/Expert-Prior-RL

(TNNLS) Imitative Expert Prior-Guided Reinforcement Learning https://mczhi.github.io/Expert-Prior-RL/

Primary LanguagePythonMIT LicenseMIT

Expert-Prior-RL

This repo is the implementation of Imitative Expert Prior-Guided Reinforcement Learning, from the following paper:

Efficient Deep Reinforcement Learning with Imitative Expert Priors for Autonomous Driving
Zhiyu Huang, Jingda Wu, Chen Lv
AutoMan Research Lab, Nanyang Technological University
[Paper] [arXiv] [Project Website]

Getting started

  1. Install the SMARTS simulator (only working with version 0.4.x). Follow the instructions of the official repo.
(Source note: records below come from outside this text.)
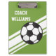 This fun design features white diagonal stripes with a soccer ball. The background is green. I have this design available in a variety of colours. If you don't find what you're looking for just message me. Personalize the front and back with a name, team, phrase or quote. These clipboards are great for a soccer player, coach, physical education teacher, gym teacher, little league coach, or sports athlete. They make great teacher appreciation or holiday gifts.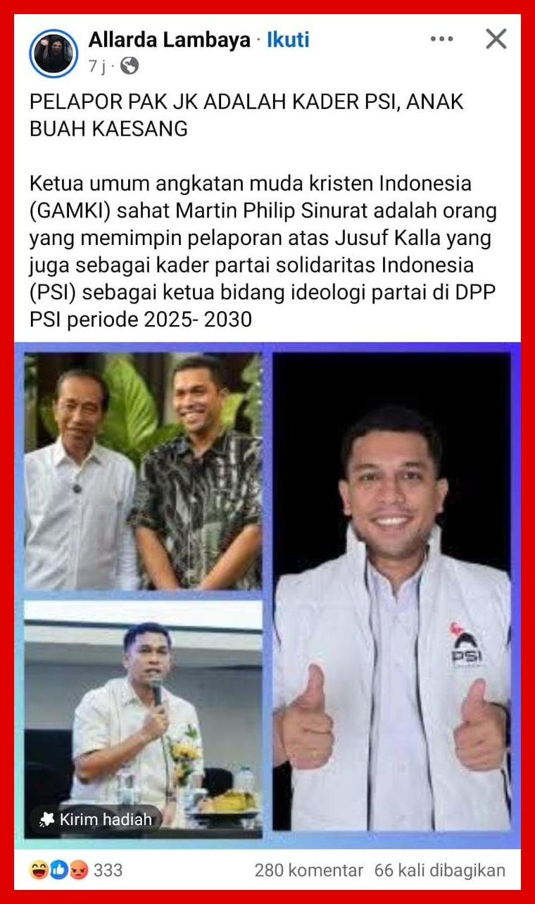 Ketua umum angkatan muda kristen Indonesia (GAMKI) Sahat Martin Philip Sinurat adalah orang yang memimpin pelaporan atas Jusuf Kalla yang juga sebagai kader partai solidaritas Indonesia (PSI) sebagai ketua bidang ideologi partai di DPP PSI periode 2025- 2030,” ujar akun fb Allarda Lambaya.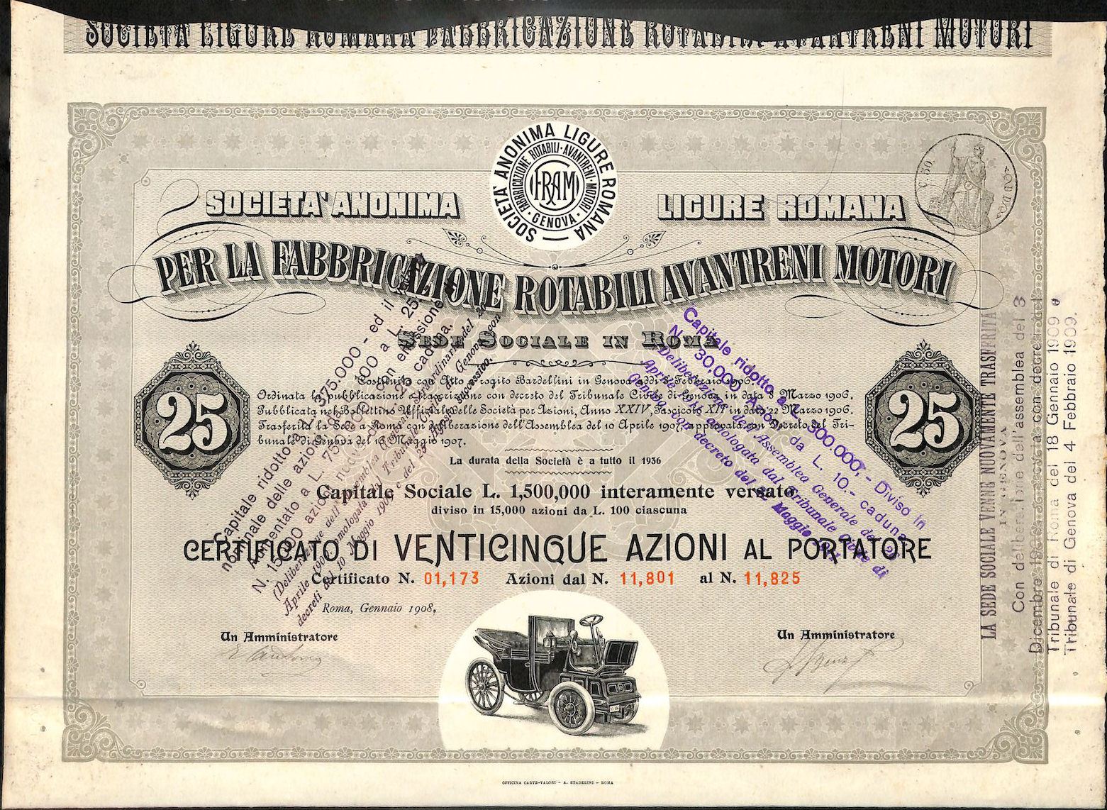 La sede restò a Roma fino al 1906 quando l’azienda cambierà nuovamente denominazione in SALR (Societa Anonima Ligure Romana), spostando la sede a Genova ma conservando la produzione nella capitale; restò attiva poi fino al 1914 con l’inizio della prima guerra mondiale.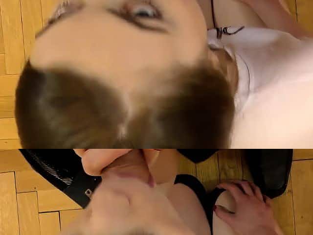 Brunette licking this cock copiously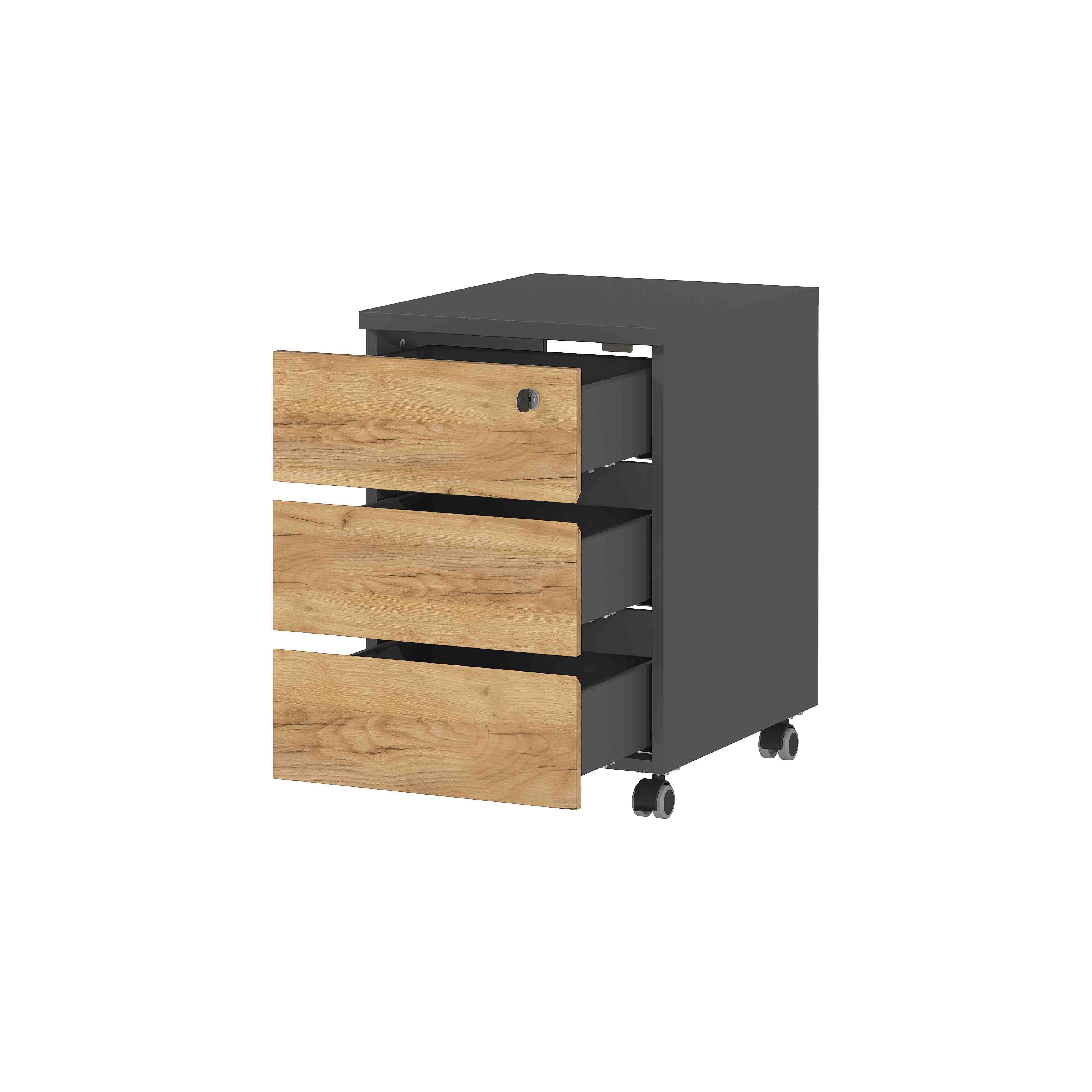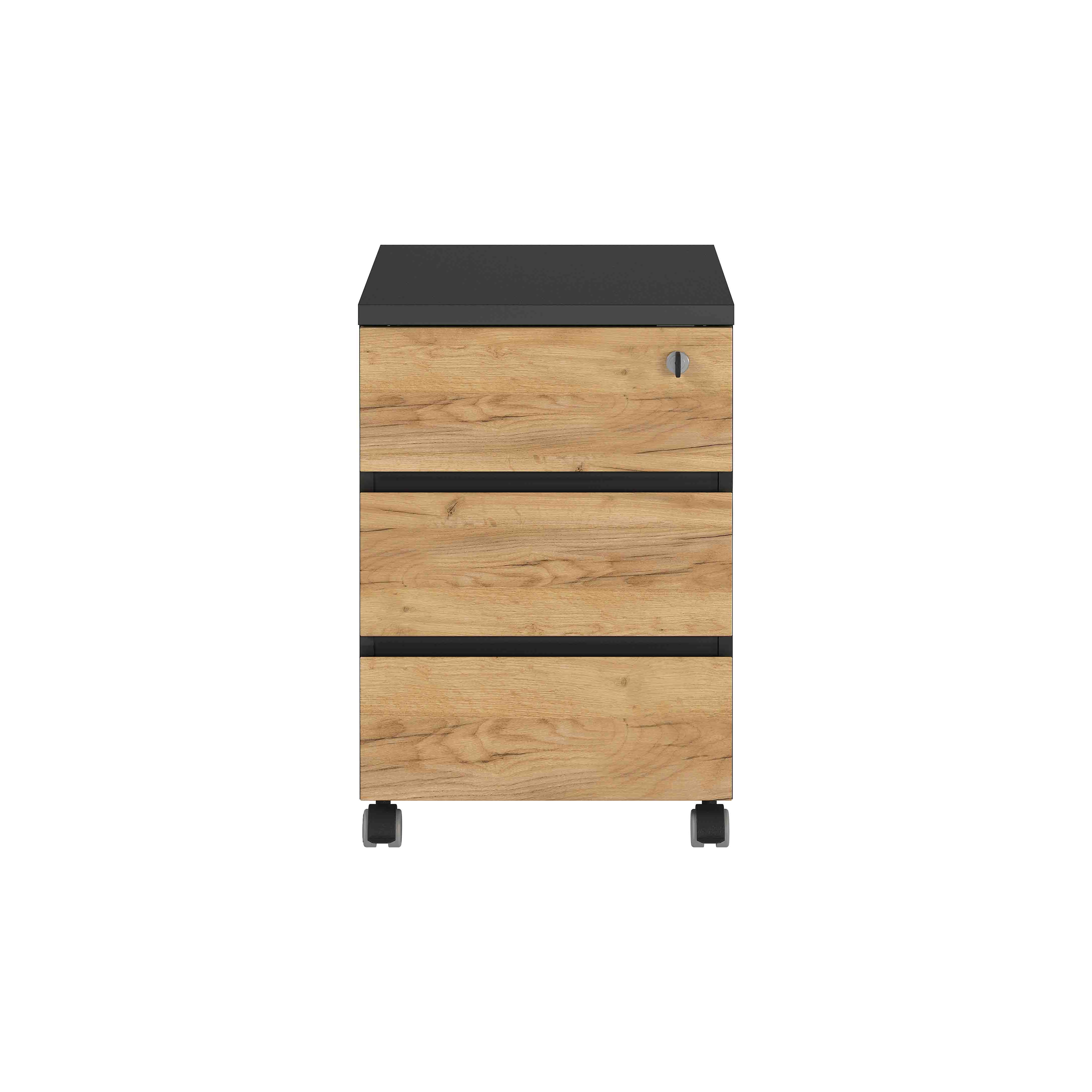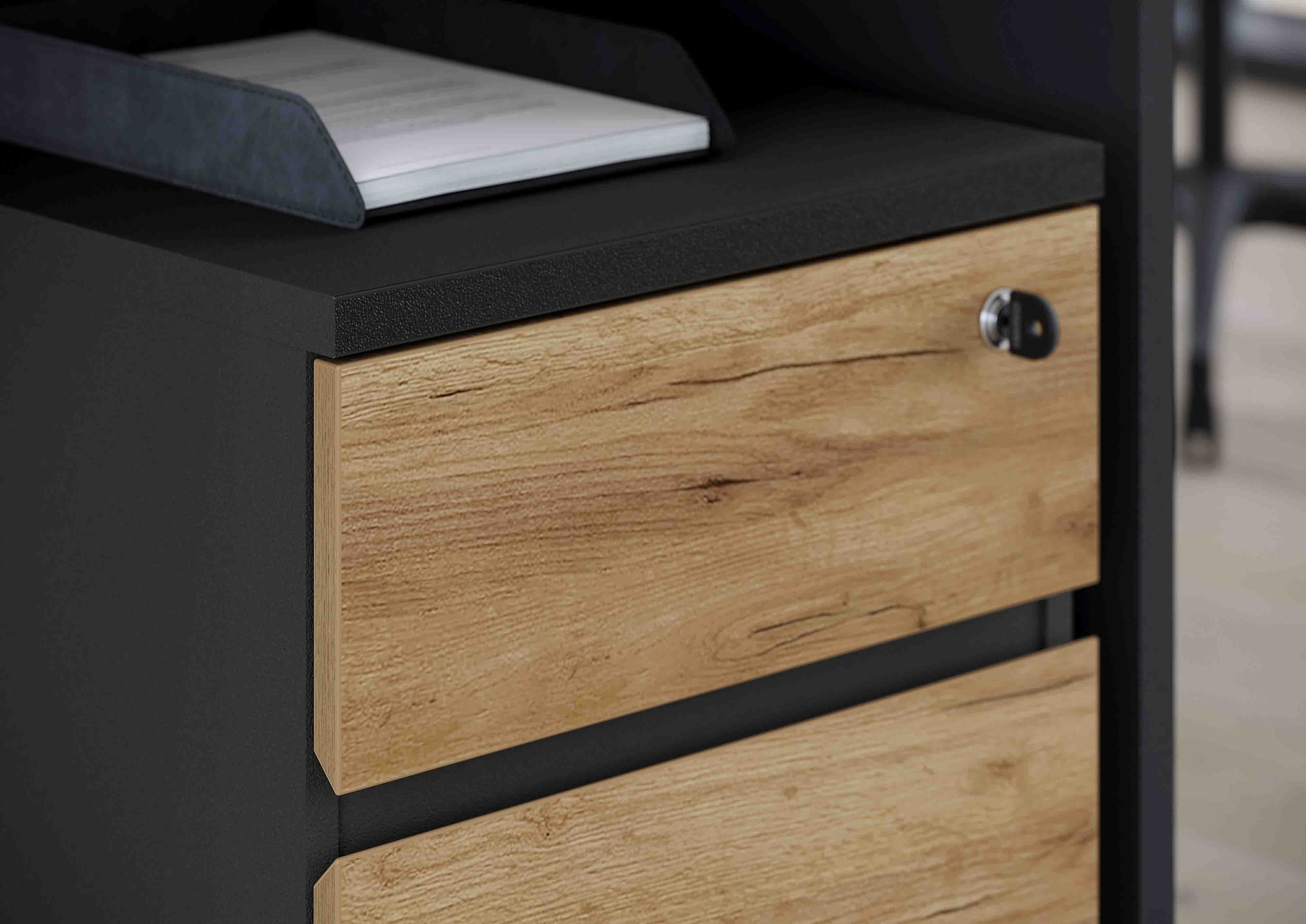 Dit degelijke ladeblok heeft een warme uitstraling dankzij de gebruikte kleurencombinatie. Voldoende ruimte in de 3 laden voor het opbergen van allerlei kantoorartikelen, de bovenste lade kan worden afgesloten. De laden sluiten geruisloos en de randen van het ladeblok zijn afgewerkt met ABS-kantafwerking waardoor deze tegen een stootje kunnen. Gemakkelijk te monteren door middel van bijgeleverd montagehandleiding. Bekijk de andere elementen uit deze serie en richt je kantoor in één keer helemaal in!

  2. Install tensorflow-probability, cpprb, and seaborn

pip install tensorflow-probability==0.10.1 cpprb seaborn==0.11.0
  1. Start Envision and run expert_recoding.py to demonstrate how to drive (🠉 speed up, 🠋 slow down, 🠈 turn left, 🠊 turn right), and you need to specify the scenario to run. The available scenarios are left_turn and roundabout. You can optionally specify how many samples you would like to collect.
scl run --envision expert_recording.py left_turn --samples 40
  1. Run imitation_learning_uncertainty.py to learn the imitative expert policies. You need to specify the file path to the recorded expert trajectories. You can optionally specify how many samples you would like to use to train the expert policies.
python imitation_learning_uncertainty.py expert_data/left_turn --samples 40
  1. Run train.py to train the RL agent. You need to specify the algorithm and scenario to run, and also the file path to the pre-trained imitative models if you are using the expert prior-guided algorithms. The available algorithms are sac, value_penalty, policy_constraint, ppo, gail. If you are using GAIL, the prior should be the path to your demonstration trajectories.
python train.py value_penalty left_turn --prior expert_model/left_turn 
  1. Run plot_train.py to visualize the training results. You need to specify the algorithm and scenario that you have trained with, as well as the metric you want to see (success or reward).
python plot_train.py value_penalty left_turn success
  1. Run test.py to test the trained policy in the testing situations, along with Envision to visualize the testing process at the same time. You need to specify the algorithm and scenario, and the file path to your trained model.
scl run --envision test.py value_penalty left_turn train_results/left_turn/value_penalty/Model/Model_X.h5
  1. Run plot_test.py to plot the vehicle dynamics states. You need to specify the path to the test log file.
python plot_test.py test_results/left_turn/value_penalty/test_log.csv

Reference

If you find this repo to be useful in your research, please consider citing our work

@article{huang2022efficient,
  title={Efficient Deep Reinforcement Learning with Imitative Expert Priors for Autonomous Driving},
  author={Huang, Zhiyu and Wu, Jingda and Lv, Chen},
  journal={IEEE Transactions on Neural Networks and Learning Systems},
  year={2022}
}

Acknowledgement

Much of this codebase is based on tf2rl.